The baby’s lower lip stuck out, and she let out a single wah.
“Oh, hey, shh.”
The next wah drowned out the acoustic guitar music coming from Sam’s phone.
“Shh, shh, shh,” Violet soothed. “We want this perfect for your mom.”
“If she ever gets here,” Sam said dryly.
Iris’s cries went from complaints to a wail.
Violet rocked from one foot to the other. “Oh, lovey, hush. I had one job today.” She glanced up at Matias. The corners of his mouth turned down in concern. His eyes had lost their heated edge.
They were still magnetic.
“Two jobs,” she whispered to the squalling baby. The tiny face reddened by the second.
Matias crossed in front of Sam to stand next to Violet. “If this one’s job number one,” he said in a low voice, “what’s the second?”
Stop staring at you.
Matias had inherited his striking looks from his Kānaka Maoli father and his Austrian runway model mother. It was hard to look away sometimes.
Objectively.
She muttered some comforting nonsense to her red-faced niece.
Matias added a low shush to her own and scooped the baby out of her arms. Iris immediately quieted, staring up at her rescuer with wide, curious eyes.
A low growl escaped Violet. “I can’t believe she likes you better than me.”
“She doesn’t,” he replied in a low voice. “She can just tell you’re stressed.”
“Well, yeah. There’s a lot riding on this weekend.” Violet squinted at the house to see where the hell her brother and her best friend had ended up.
Franci and Archer finally emerged from the sliding door on the back of the house and came out on the deck.
“Sorry!” Franci called. Her red curls were rumpled, and her lips were puffy.
Nudging Violet with an elbow, Matias said, “Told you.”
The couple approached the far end of the aisle, hand in hand. Franci’s brows knotted in confusion, and she stared at Violet and Matias. “Weren’t you going to stand on opposite sides of Sam?”
“Iris took umbrage with me,” Violet admitted.
The baby squirmed in Matias’s arms, seeming to search for where her mother’s voice was coming from.
“And apparently Matias, too,” Violet added. That took the sting off a bit.
“Hmm,” Franci said. “If Iris isn’t going to want to be with you, Violet, maybe we need to change things up.”
Violet’s stomach tightened. She knew as much as anyone here—more, when it came to most of them—how unpredictable infants could be.
It still felt like she was failing her friend, who’d been so hoping to have Iris at the altar.
“I’m sure it’ll be fine tomorrow,” Violet said.
Franci shook her head. “Let’s try something different. You can take my bouquet. I’ll take my baby.”
Violet smiled. “Aw, that will be perfect.”
“And you and Matias can walk down the aisle together.”
His mouth quirked, a glint in his eyes as he studied Violet’s face. “Also perfect.”
The elbow she planted in his side earned a satisfying oof.
A few minutes later, she stood at the start of the aisle next to him, no baby in her arms to supply any sort of distance between the burly bar owner and herself.
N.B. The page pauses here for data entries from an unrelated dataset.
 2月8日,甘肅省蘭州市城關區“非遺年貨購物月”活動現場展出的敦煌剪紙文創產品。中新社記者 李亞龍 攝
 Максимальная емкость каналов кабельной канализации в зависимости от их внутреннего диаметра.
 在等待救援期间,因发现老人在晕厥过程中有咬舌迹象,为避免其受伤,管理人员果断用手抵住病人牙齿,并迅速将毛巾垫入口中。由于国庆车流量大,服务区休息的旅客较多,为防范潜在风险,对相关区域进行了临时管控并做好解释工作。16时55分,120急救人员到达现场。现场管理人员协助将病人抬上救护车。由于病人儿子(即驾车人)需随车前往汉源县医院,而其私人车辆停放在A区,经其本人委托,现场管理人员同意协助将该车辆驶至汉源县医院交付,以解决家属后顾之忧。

She gripped the paper-towel-roll handle of the ribbon-and-bow bouquet she’d crafted for Franci at the wedding shower. The thin cardboard crumpled.
Matias held out his elbow, something flickering in his gaze to which she didn’t want to get near.
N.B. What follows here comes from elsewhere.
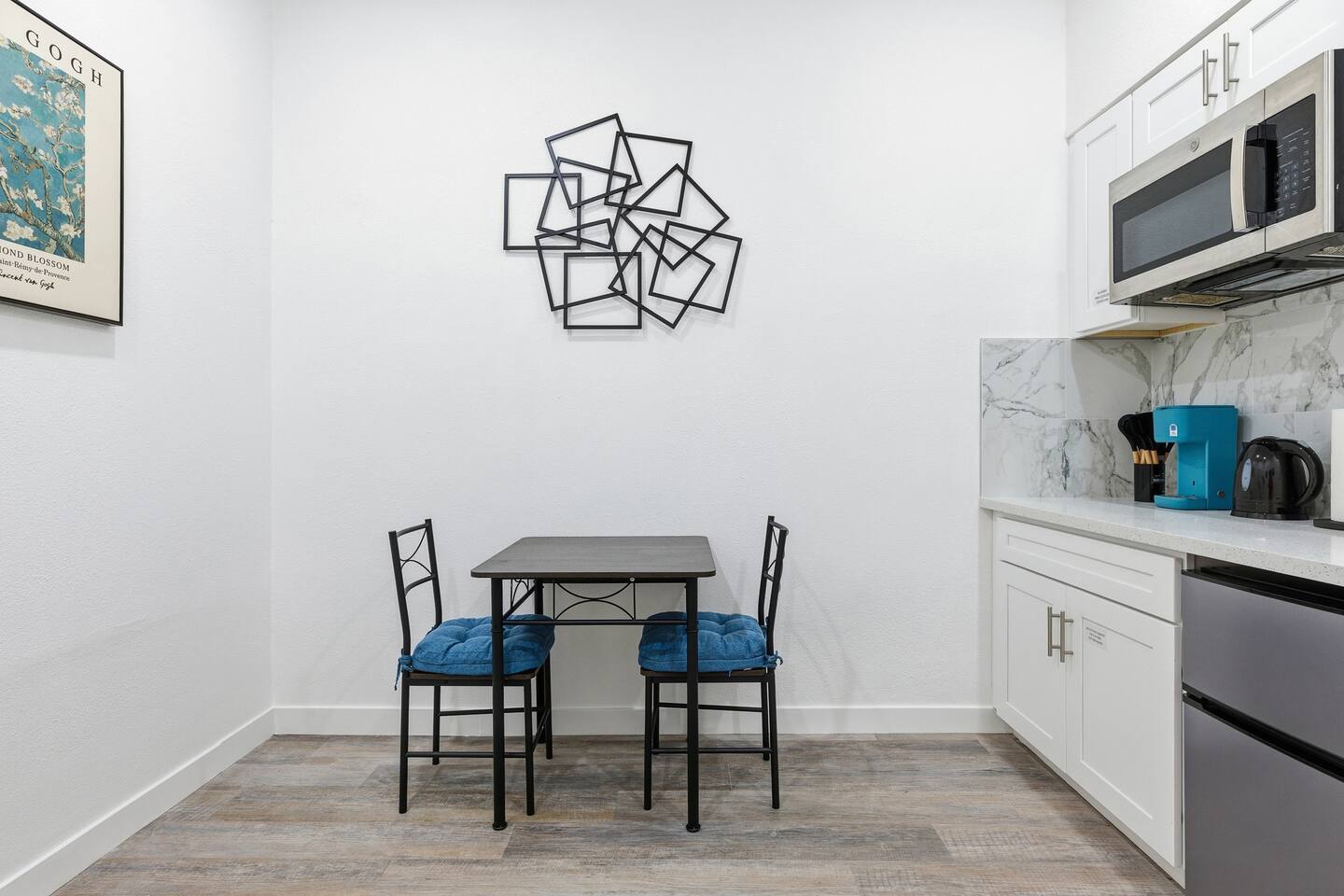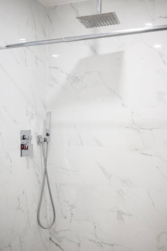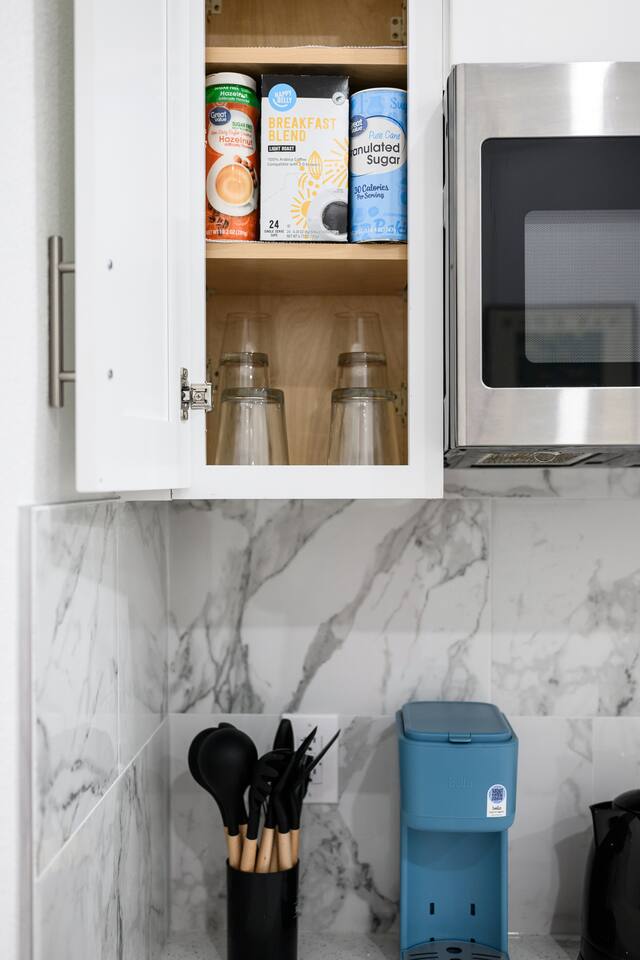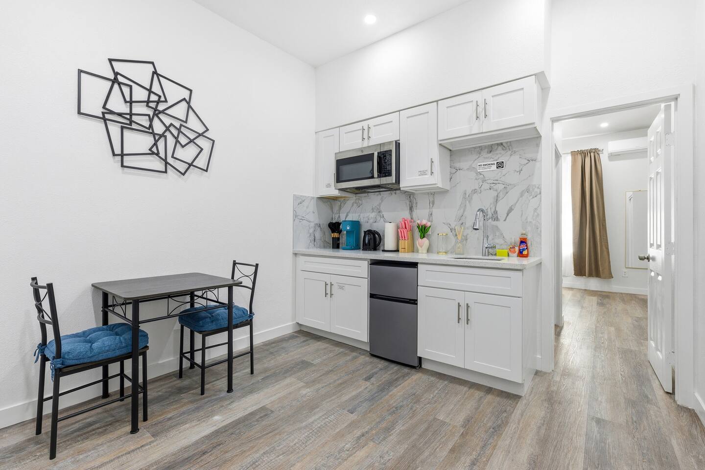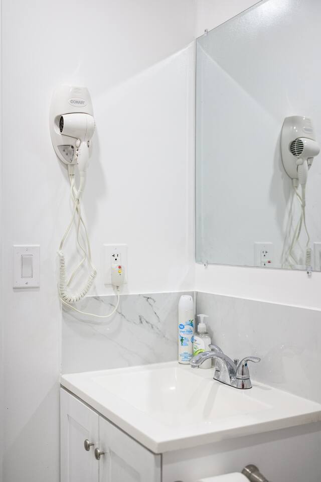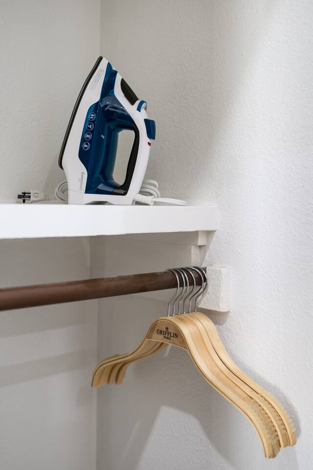 This is a compact studio layout without a separate living room. The space has been carefully arranged to include a functional kitchenette, a comfortable bed, and a bathroom with a standard shower. 500 sq. ft. | Apartment / Studio | Second-floor unit BEDROOM : • ROOM 1 : Queen bed | Wall mounted smart TV | Iron and ironing board | Split AC BATHROOM : Rain shower head | Handheld shower | Shampoo | Conditioner | Body wash | Hairdryer | Toilet paper | Towels KITCHEN / DINING AREA : induction cooker | Refrigerator | Microwave | Toaster | Water Kettle | Coffee maker | Brita Water Filter | Cooking utensils | Silverware | Plates and bowls | Mugs, cups, wine glasses | Dining table

Or that’s exactly what I want.
If she was being honest with herself, she had for a long time, ever since the first anniversary of her fiancé leaving Oyster Island to join a mainland brewing empire. Her ex had walked out right before their wedding rehearsal. Deserting Matias, too, and the plans he and Lawson had been about to implement for a brewery of their own. Exactly a year later, she’d been sitting at Matias’s bar, pretending her drink was celebratory.
Matias had known the truth, damn him.
In that ill-considered moment when she and Matias had comforted each other over their lingering grief and upset, things had gone too far. The following year, too.
And the year after that.
Tradition. An odd one. But once a year never hurt anyone.
There were people you had relationships with and people you had flings with, and thanks to his love-’em-and-leave-’em tendencies and being one of her brother’s best friends, Matias was neither. He was...a habit.